-- Opening Marker --
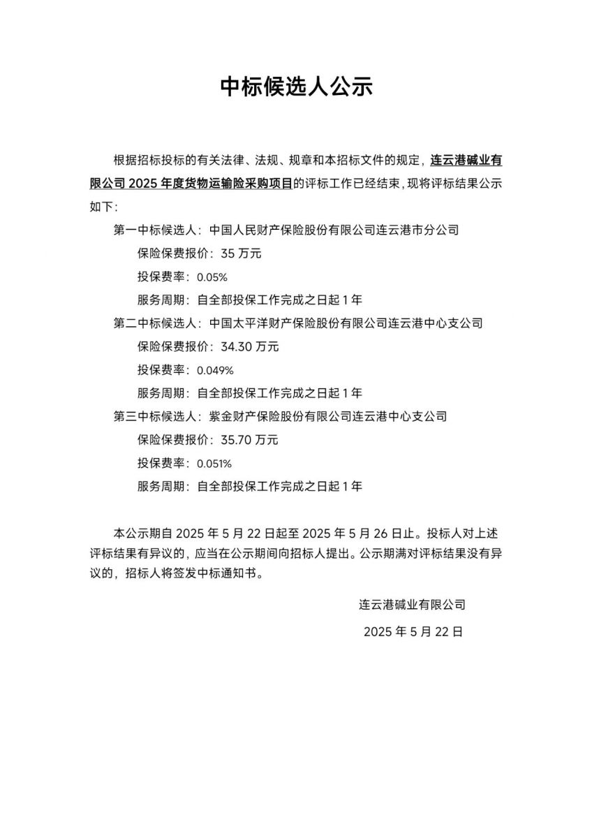 連云港堿業(yè)有限公司2025年度貨物運(yùn)輸險(xiǎn)采購(gòu)項(xiàng)目中標(biāo)候選人公示
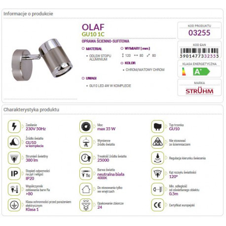 Linia lamp OLAF wykonana z odlewu stopu aluminium oszczędzi nam trudów i wątpliwości, które towarzyszą projektowaniu nowej przestrzeni oraz rozświetli na nowo wnętrze naszego domu – zarówno dosłownie, jak i w przenośni. Lampa posiada 1 źródło światła o gwincie GU10 max 35W. Dzięki żarówce LED (w komplecie) zaoszczędzisz do 90% energii elektrycznej! Na pozostałych naszych aukcjach znajdziesz również inne modele danej marki!
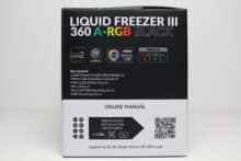 Arctic verpackt die Liquid Freezer III 360 A-RGB in einem einfachen Karton aus Pappe, auf dem die Hauptfarben Schwarz und Weiß dominieren. Neben dem Herstellerlogo finden wir auch den Produktnamen sowie eine schematische Zeichnung der Kompaktwasserkühlung auf der Verpackung. An der Rückseite lassen sich dann noch eine Tabelle mit allen technischen Daten sowie eine Auflistung des Verpackungsinhalts erkennen.
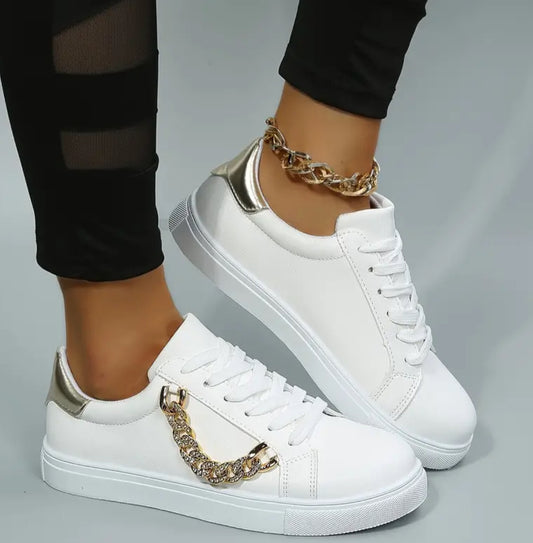 “Gold” Metal Chain Decor, White Skate Shoes, Simple Casual Versatile Faux Leather
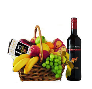 6 items Fruit w/ Sparkling juice ,cookies, cracker & Lindt chocolateBasket contains:
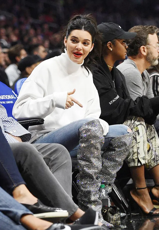 Кендалл Дженнер в сапогах Saint Laurent наблюдает за игрой бойфренда — Блэйка Гриффина
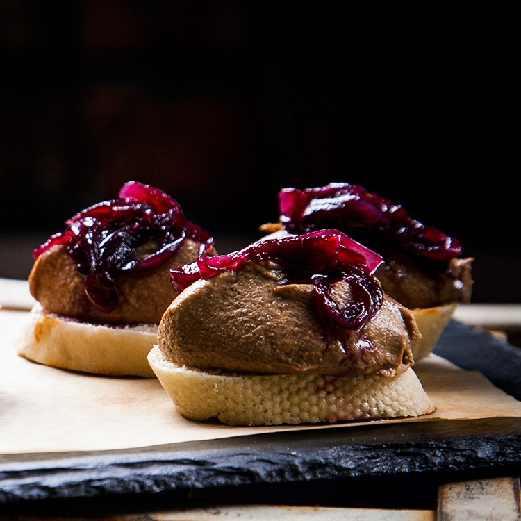 Взбейте печень и лук блендером до гладкости. Верните обратно в сковороду, влейте немного куриного бульона и уварите до достижения желаемой консистенции. Посолите и поперчите. Хлеб нарежьте ломтиками и подсушите в духовке или на сковороде без добавления масла. По желанию натрите долькой чеснока и подавайте вместе с паштетом.
-- Closing Marker --
- _Task requirements_
Make an exact copy of the records, pictures excluded.

- _Response to this exercise_
 連云港堿業(yè)有限公司2025年度貨物運(yùn)輸險(xiǎn)采購(gòu)項(xiàng)目中標(biāo)候選人公示
 Linia lamp OLAF wykonana z odlewu stopu aluminium oszczędzi nam trudów i wątpliwości, które towarzyszą projektowaniu nowej przestrzeni oraz rozświetli na nowo wnętrze naszego domu – zarówno dosłownie, jak i w przenośni. Lampa posiada 1 źródło światła o gwincie GU10 max 35W. Dzięki żarówce LED (w komplecie) zaoszczędzisz do 90% energii elektrycznej! Na pozostałych naszych aukcjach znajdziesz również inne modele danej marki!
 Arctic verpackt die Liquid Freezer III 360 A-RGB in einem einfachen Karton aus Pappe, auf dem die Hauptfarben Schwarz und Weiß dominieren. Neben dem Herstellerlogo finden wir auch den Produktnamen sowie eine schematische Zeichnung der Kompaktwasserkühlung auf der Verpackung. An der Rückseite lassen sich dann noch eine Tabelle mit allen technischen Daten sowie eine Auflistung des Verpackungsinhalts erkennen.
 “Gold” Metal Chain Decor, White Skate Shoes, Simple Casual Versatile Faux Leather
 6 items Fruit w/ Sparkling juice ,cookies, cracker & Lindt chocolateBasket contains:
 Кендалл Дженнер в сапогах Saint Laurent наблюдает за игрой бойфренда — Блэйка Гриффина
 Взбейте печень и лук блендером до гладкости. Верните обратно в сковороду, влейте немного куриного бульона и уварите до достижения желаемой консистенции. Посолите и поперчите. Хлеб нарежьте ломтиками и подсушите в духовке или на сковороде без добавления масла. По желанию натрите долькой чеснока и подавайте вместе с паштетом.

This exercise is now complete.